*** SUPPLIED MATERIAL Section Begins ***

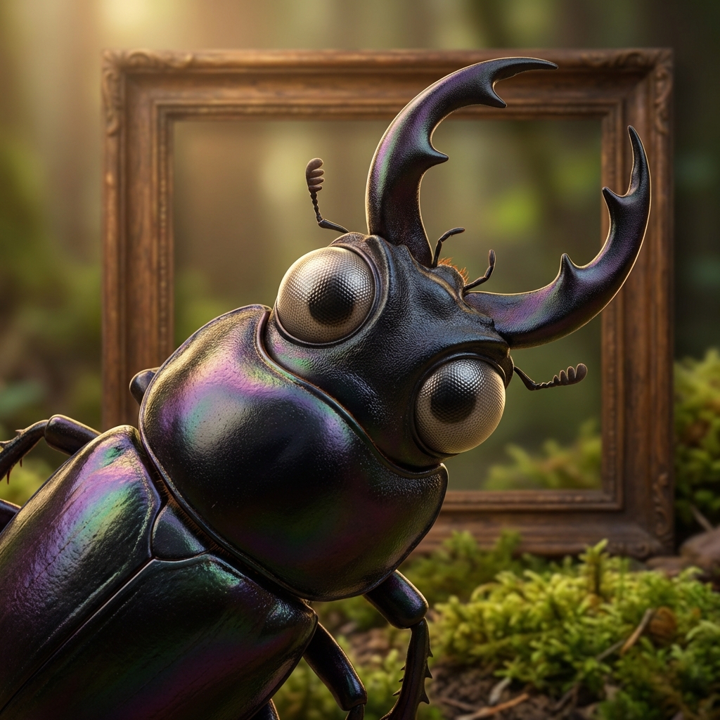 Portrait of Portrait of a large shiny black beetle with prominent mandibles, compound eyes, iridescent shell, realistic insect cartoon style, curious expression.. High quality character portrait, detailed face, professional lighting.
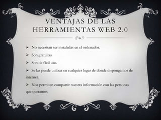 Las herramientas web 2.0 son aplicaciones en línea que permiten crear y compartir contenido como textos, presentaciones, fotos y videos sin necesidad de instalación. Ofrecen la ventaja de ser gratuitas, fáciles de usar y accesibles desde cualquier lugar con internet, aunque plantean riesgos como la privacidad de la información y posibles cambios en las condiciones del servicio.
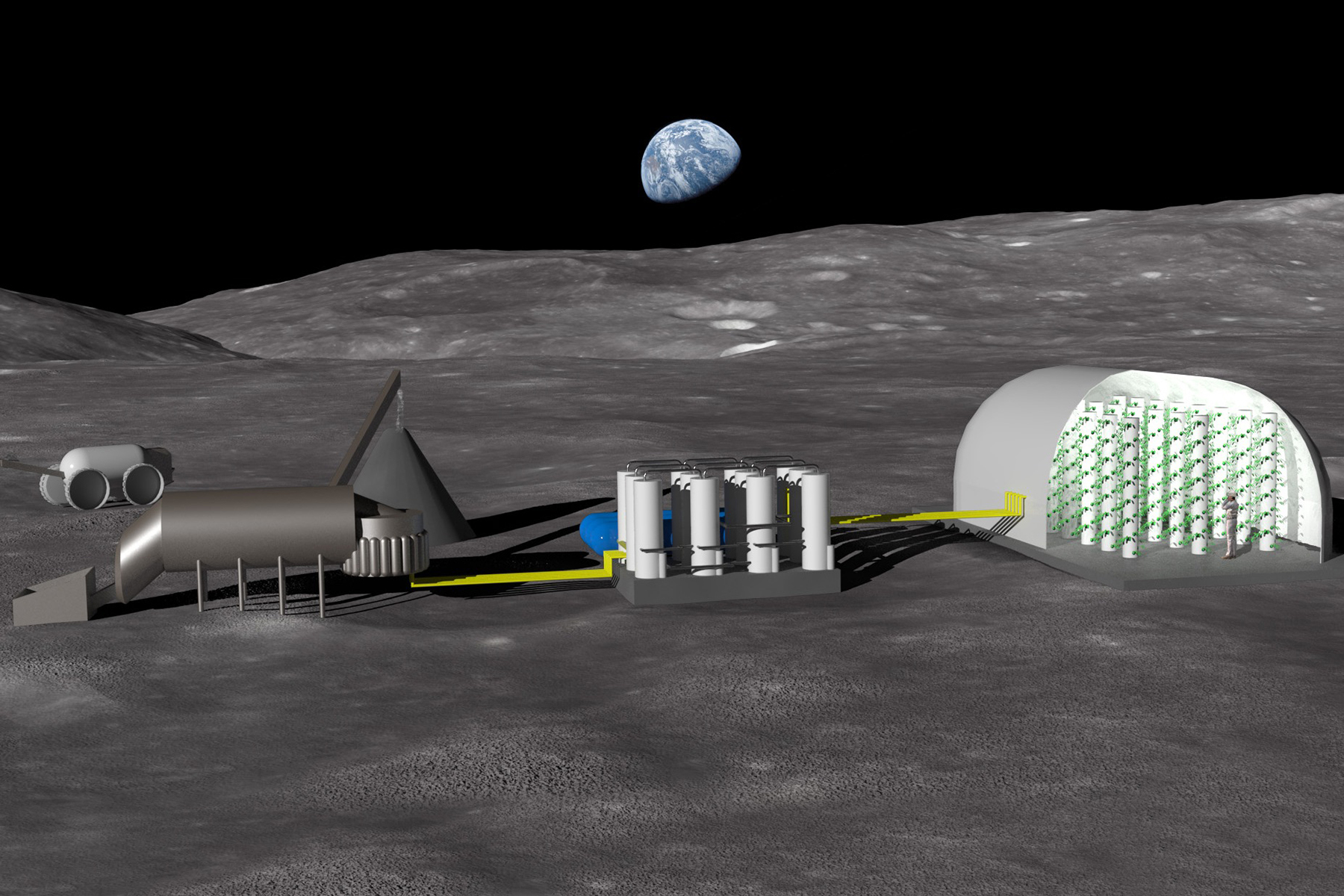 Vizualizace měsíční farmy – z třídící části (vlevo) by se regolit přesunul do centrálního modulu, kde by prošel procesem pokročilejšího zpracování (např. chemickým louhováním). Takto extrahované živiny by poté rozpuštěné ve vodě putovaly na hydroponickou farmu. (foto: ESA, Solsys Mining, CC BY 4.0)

*** SUPPLIED MATERIAL Section Ends ***

Leave the pictures out, and copy exactly each line from the one containing "Las herramientas web" through the final line of the data.

 Las herramientas web 2.0 son aplicaciones en línea que permiten crear y compartir contenido como textos, presentaciones, fotos y videos sin necesidad de instalación. Ofrecen la ventaja de ser gratuitas, fáciles de usar y accesibles desde cualquier lugar con internet, aunque plantean riesgos como la privacidad de la información y posibles cambios en las condiciones del servicio.
 Vizualizace měsíční farmy – z třídící části (vlevo) by se regolit přesunul do centrálního modulu, kde by prošel procesem pokročilejšího zpracování (např. chemickým louhováním). Takto extrahované živiny by poté rozpuštěné ve vodě putovaly na hydroponickou farmu. (foto: ESA, Solsys Mining, CC BY 4.0)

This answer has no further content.